Рубеж XIX-XX вв. стал временем умственного брожения, религиозных, эстетических поисков, пробуждения острого интереса различных групп общества к политическим и социальным рецептам обновления жизни. Г.Г. Белостоцкий писал в 1903 г.: «Подобно тому как в давно прошедшие времена все стремления сводились к исканию и достижению общего религиозного идеала, так теперь человечество обуреваемо помыслами и исканиями идеала общественной жизни. Все наше время находится в полной зависимости от социальных идей...». «Кажется, в новой истории не было эпохи, -вспоминал Ф.А. Степун, - в которой дух времени с такой безапелляционною силою побеждал бы все субъективные наклонности людей, как то имело место в русской интеллигентской среде в конце 19-го и в начале 20-го веков»8.
Конец XIX в. - время мировоззренческого «обвала» для многих деятелей русской культуры: П.А. Флоренского, М.М. Пришвина, С.Н. Булгакова. Ими подвергаются радикальному переосмыслению представления об истории и прогрессе, политике и религии, Западе и Востоке. Именно в эти годы начинается движение целого поколения мыслителей «от марксизма к идеализму». Это было время смены поколений на философском и художественном Олимпе России: завершалась эпоха Д.В. Григоровича и Я.П.
Полонского - начинался взлет М. Горького, Л. Андреева, В.В. Розанова, символистов. Любопытно, что в те же годы среди западной художественной элиты рождается увлечение русофильством. Именно на самом излете XIX в. на всю жизнь «заболевает» Россией великий поэт Австрии P.M. Рильке.
Из последнего десятилетия XIX в. особо выделим 1899 г. - одну из самых насыщенных событиями дат российской истории. Факты эти разноипостасны, разномасштабны, но одинаково важны для воссоздания атмосферы эпохи. Наряду с Пушкинскими торжествами выделим такие события 1899-го года, как созыв по инициативе Николая II мирной конференции в Гааге и введение конвертируемого золотого рубля, лишение особых прав Финляндского великого княжества и начало второй волны эсеровского террора, выход журнала «Мир искусства» и появление русского перевода знаменитого трактата Ф. Ницше «Так говорил Заратустра», переход В.В. Розанова на работу в «Новое время» и ослабление цензурного гнета, студенческие волнения в университетских центрах России и объявление наследником престола великого князя Михаила Александровича, эмиграция в Канаду нескольких тысяч русских духоборов при финансовом содействии Л.Н. Толстого и знаменитое дело А. Дрейфуса, вызвавшее сотни откликов среди российской интеллигенции.

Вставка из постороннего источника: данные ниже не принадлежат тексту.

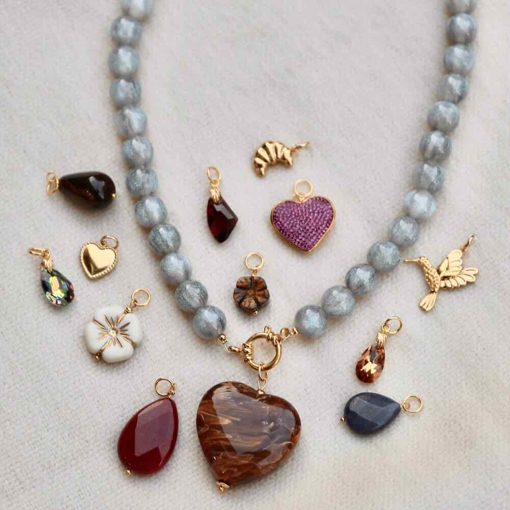 Ketting big grey sparkle is geregen met 12mm resin kralen en heeft een glitter in de kraal. De ketting is niet zwaar en heeft een mooie roestvrijstalen sluiting. Je kunt kiezen uit een gouden of zilveren boeislot. De ketting kun je met de sluiting naar voren dragen en er nog mooie bedels aan hangen. De ketting is ook iets langer, lengte 51 cm. Wil je graag een andere lengte stuur ons dan een mail of stel je vraag hieronder. Combineer met dezelfde armband.
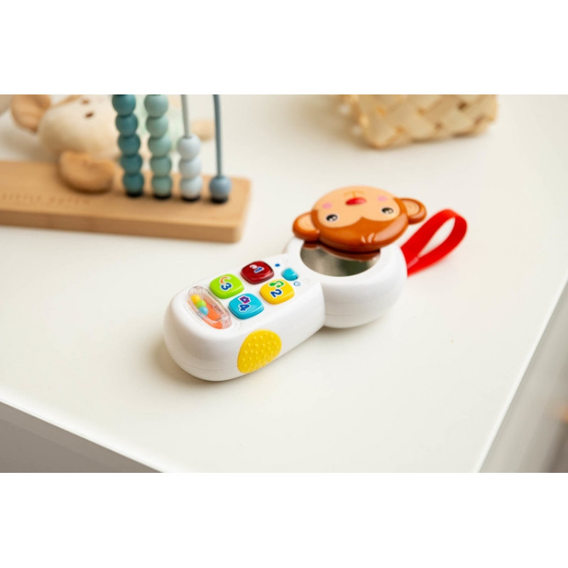 Vzdelávacia hračka je ľahká a interaktívna hračka, s ktorou je veľa zábavy. Telefón je vybavený hrkálkou s guličkami, interaktívnymi tlačidlami vydávajúcimi rôzne zvuky a zrkadlom skrytým pod obrazom zvieratka. Vďaka nízkej hmotnosti ho dieťa ľahko zdvihne. Telefón stimuluje zmysly a rozvíja predstavivosť.
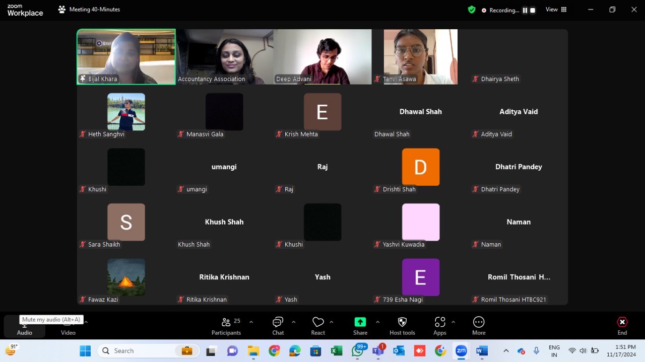 The Accountancy Association of H.R. College of Commerce & Economics successfully organised a webinar by Mr. Bharat Jeswani who with his 15 Years of experience in Forensic Accounting, Fraud investigations, Due Diligence, Internal Audits, Fraud risk management exposed the audience to various aspects of forensic audit.
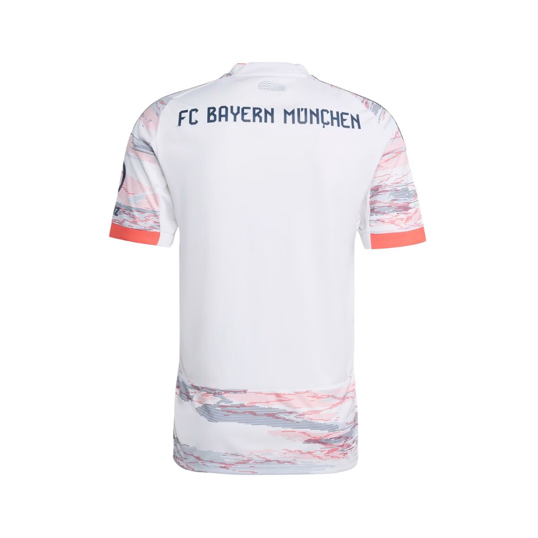 FC Bayern Away Authentic Jersey 2025-26. Glowing with pride. For two decades the Allianz Arena has lit the way to victory for FC Bayern fans. With an eye-catching abstract print inspired by evening games in Munich, this adidas authentic soccer jersey gives players energy on the field thanks to its performance-focused build. A heat-applied club badge on the chest and a small stadium graphic on the back neck show passers-by where you feel most at home.
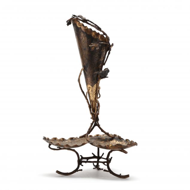 Circa 1875, likely French, unmarked, the central conical vase flanked by leafing branches and a small songbird, raised above three leaf form wells, all atop branch form supports, all surfaces with ornate engraving of foliate, floral and berry design.
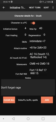 An initiative tracker that allows you to manually add the initiative, name, hp, notes, and number of rounds for (de)buffs and spells and more.
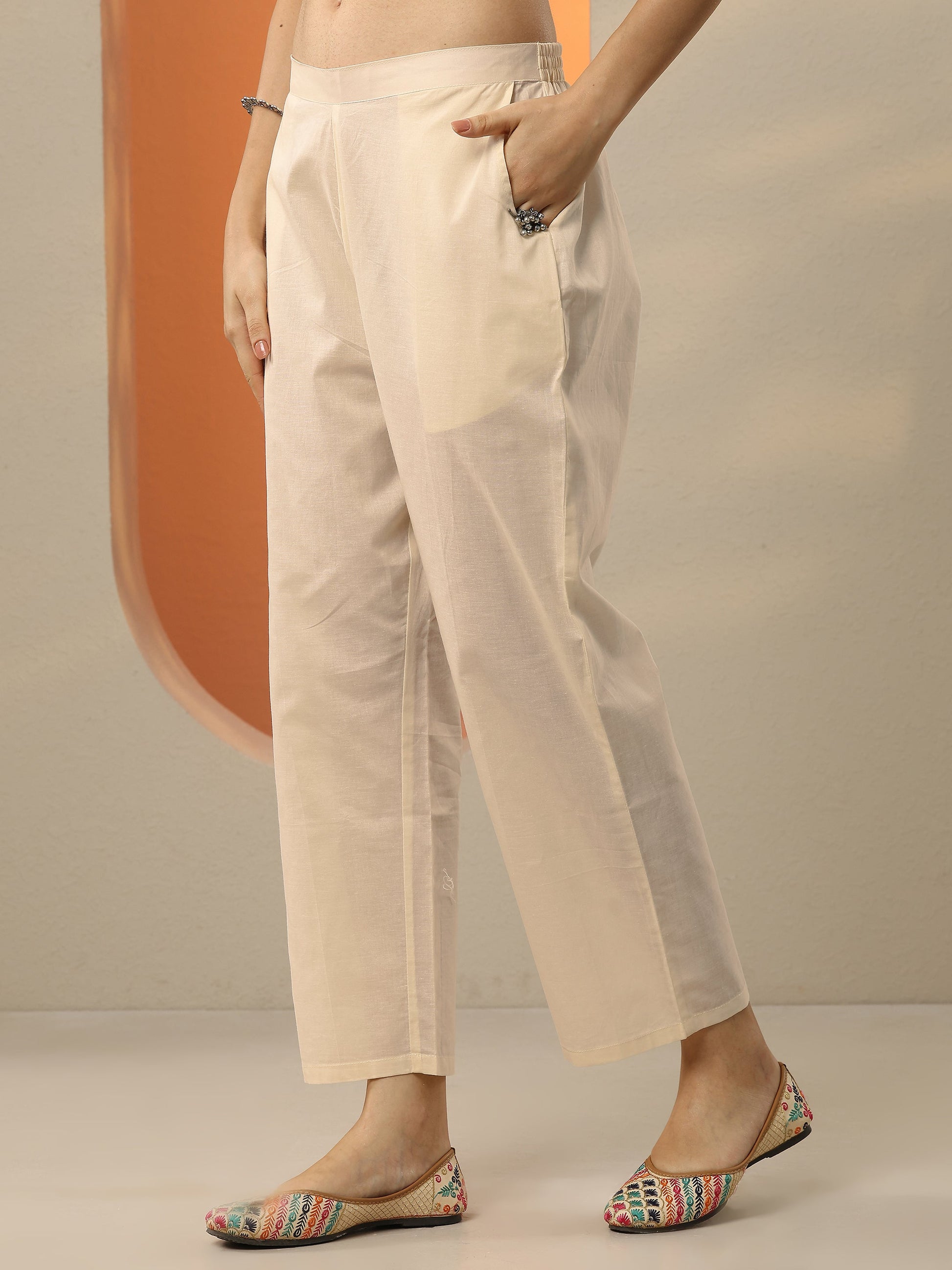 Cream Embroidered Silk Blend Straight Suit Set With Dupatta
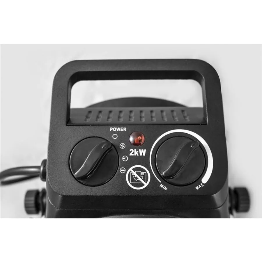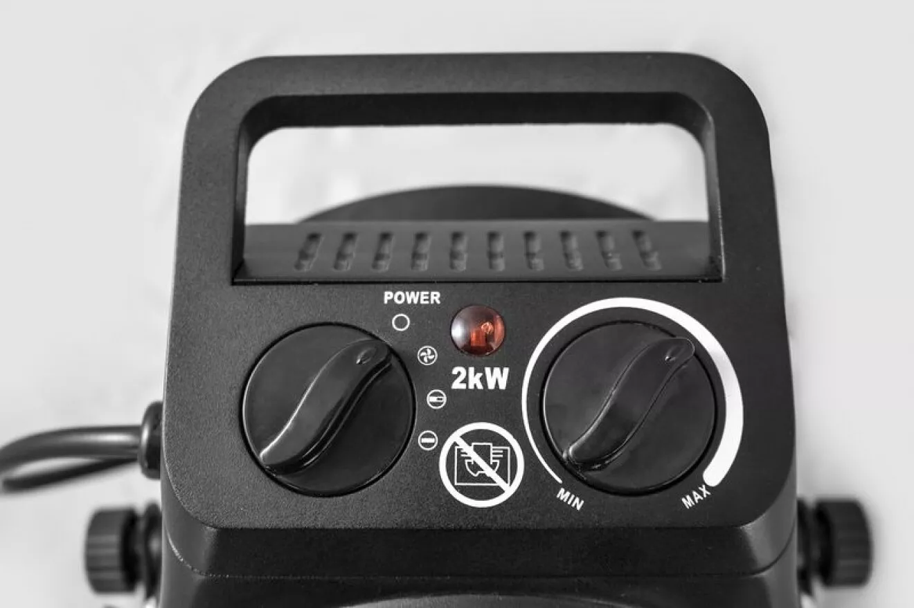 - tepelný výkon: 2 kW (-> 1.720 kcal/hod., 2 topné stupně: 1 kW/2 kW), ventilátor
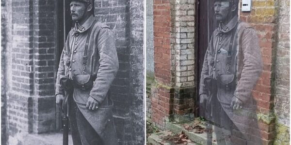 C M4-4 minutes Voir plus Time Capsule Un factionnaire monte la garde à l’entrée du quartier général français, sur l’actuelle Rue du Four à Marœuil, près d’Arras, en France — 1915 (Première Guerre mondiale) et 2025 (superposition) Un soldat français…
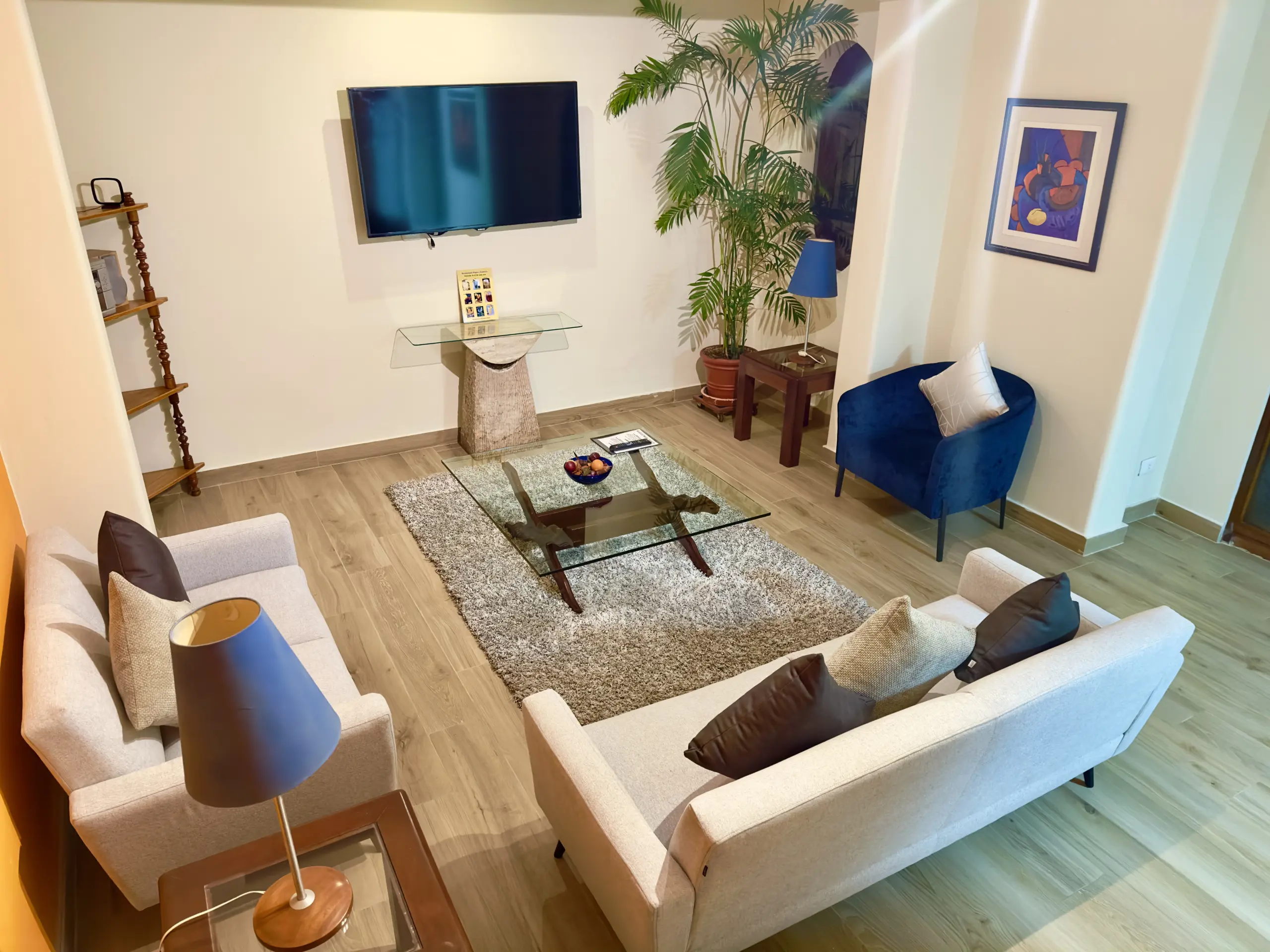 Condominio de dos pisos frente a la piscina, rodeado de jardines, ideal para familias de hasta 6 personas. Ofrece mayor privacidad y comodidad, con un dormitorio equipado con cama Queen size y dos dormitorios adicionales, cada uno con cama doble. Su entorno tranquilo y natural crea el espacio perfecto para disfrutar y relajarse en familia.
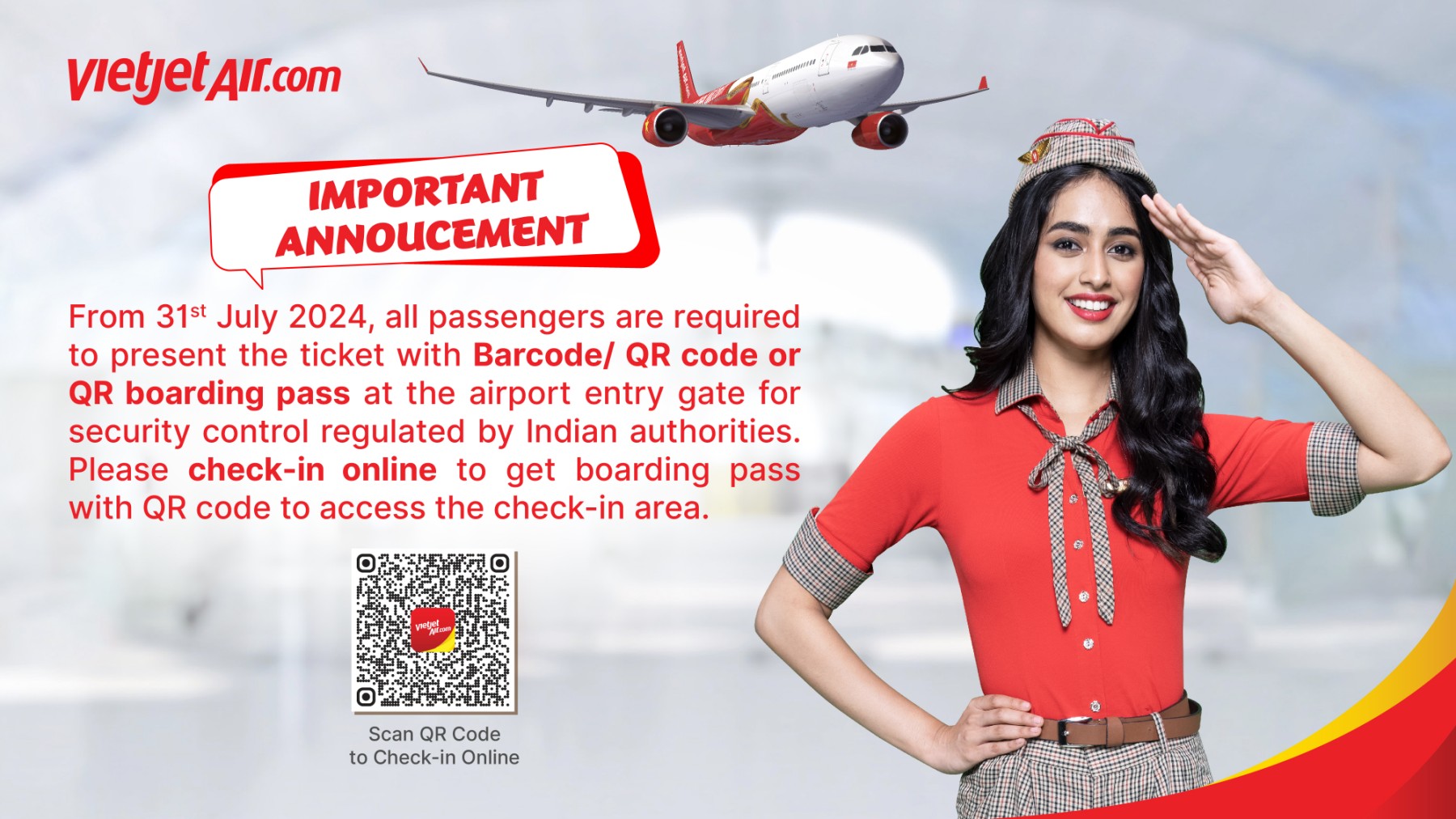 For your convenient, passengers are requested to prepare flight ticket with barcode/QR code by checking - in online in advance to get a boarding pass with QR code here https://www.vietjetair.com/en/checkin.
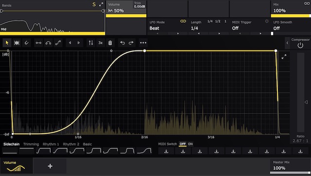 そこで必要になってくるのが別のトリガーモードですが、VolumeShaper 6ではMIDIトリガーを使って対応することになります。
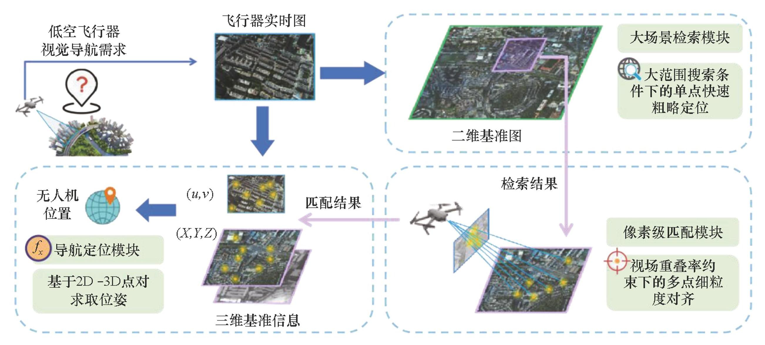 摘要:针对低空无人飞行器在全球卫星导航系统(global navigation satellite system,GNSS)拒止环境下自主定位的迫切需求,系统综述了基于“检索—匹配—位姿解算”框架的飞行器绝对视觉定位技术。讨论了低空观测带来的成像差异、场景尺度变化和地物遮挡等问题,阐明了该分层定位框架在解决大范围、长航时定位问题上的技术优势。在此基础上,分别从跨视角图像检索、像素级特征匹配及飞行器位姿解算三个核心模块,系统梳理了从传统手工特征到深度学习范式的技术发展趋势与研究现状。结合机载边缘计算平台的部署需求,分析了现有技术局限并展望了未来研究方向。本综述可为低空飞行器绝对视觉定位的技术研究与工程应用提供参考。
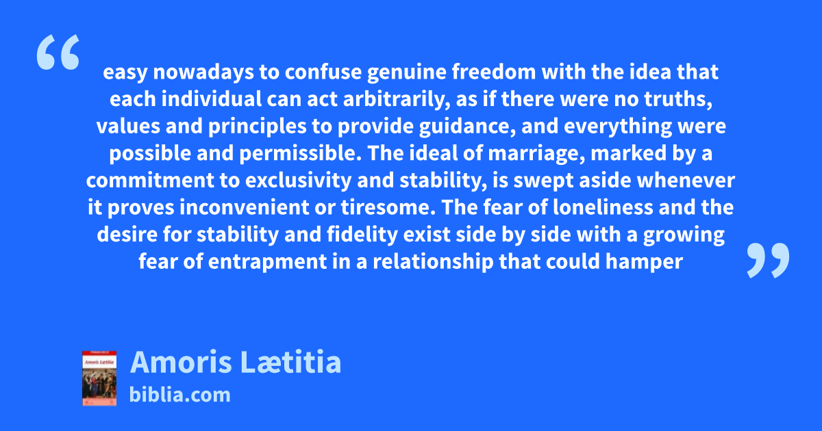 easy nowadays to confuse genuine freedom with the idea that each individual can act arbitrarily, as if there were no truths, values and principles to provide guidance, and everything were possible and permissible. The ideal of marriage, marked by a commitment to exclusivity and stability, is swept aside whenever it proves inconvenient or tiresome. The fear of loneliness and the desire for stability and fidelity exist side by side with a growing fear of entrapment in a relationship that could hamper
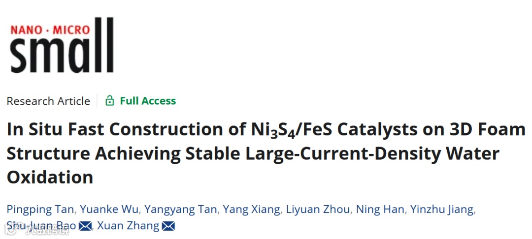 近日,西南大学包淑娟教授与浙江大学张漩研究员合作,在国际知名期刊Small上发表题为“In Situ Fast Construction of Ni3S4/FeS Catalysts on 3D Foam Structure Achieving Stable Large-Current-Density Water Oxidation”的研究文章。该研究首次利用阳极电沉积法,原位快速构建了表面高Ni3+含量的Ni3S4/FeS催化剂。Ni3S4/FeS异质结构和电化学诱导的NiOOH共同增强了OER动力学。Ni3S4/FeS@FNF显示出最优异的OER活性,塔菲尔斜率仅为11.2 mV dec-1,在10 mA cm-2和1400 mA cm-2的电流密度下,过电势分别为196 mV和445 mV。此外,Ni3S4/FeS@FNF可以在1500 mA cm-2的电流密度下稳定运行200小时,性能没有明显下降。总之,这项工作通过阳极电沉积策略显著提高了镍基OER电催化剂中高活性Ni3+的含量。这种简单高效的阳极电沉积方法对于合成富含高价金属离子的材料具有普遍性和指导意义,有望在其他领域得到广泛应用。
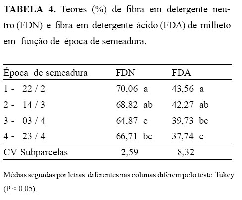 Pelos dados da Tabela 4 observa-se que os maiores teores de FDN (70,06%) foram encontrados nas forragens de milheto semeado na época 1, diferindo significativamente daquele semeado na época 3 e 4 que foram de 64,87% e 66,71, respectivamente. Esse comportamento provavelmente decorre do fato de que com as maiores intensidades de luz e temperatura e com maior fotoperíodo no verão – portanto maior evapotranspiração – há maior produção de MS, porém mais fibrosa. Por outro lado, Thiago et al. (1997) relatam valores de 55,4% de FDN na forragem de milheto, no verão. Houve uma considerável redução no teor de FDA das cultivares de milheto semeadas em 23/4, em relação ao plantio ocorrido em 22/2, seguindo o mesmo comportamento da FDN (Tabela 4).
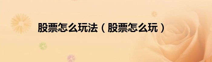大家好,小问来为大家解答以上问题。股票怎么玩法,股票怎么玩这个很多人还不知道,现在让我们一起来看看吧!

С.С. Ольденбург совершенно оправданно назвал 1899-й «знаменательным годом»9.
1909 г. обозначил закат народнических, леволиберальных и революционных идей, подвел неутешительный итог многолетним антигосударственным, тираноборческим усилиям интеллигенции. Убедительным свидетельством тому стало появление знаменитого сборника «Вехи», базирующегося на идеологии либерального консерватизма. Если Пушкинские торжества 1899 г. обозначили национальное единение вокруг идей общественного обновления, стали предзнаменованием общественной «весны», то Гоголевские торжества 1909 г. превратились в апофеоз почвеннических идей, памятник писателю, торжественно открытый в апреле
1909 г., неожиданно стал и надгробной стелой политическому радикализму. 1909 г. стал временем наиболее трезвого, сбалансированного представления о существе русского мессианизма, если крайними его проявлениями мыслить атмосферу, сопутствующую русско-японской войне и началу первой мировой войны.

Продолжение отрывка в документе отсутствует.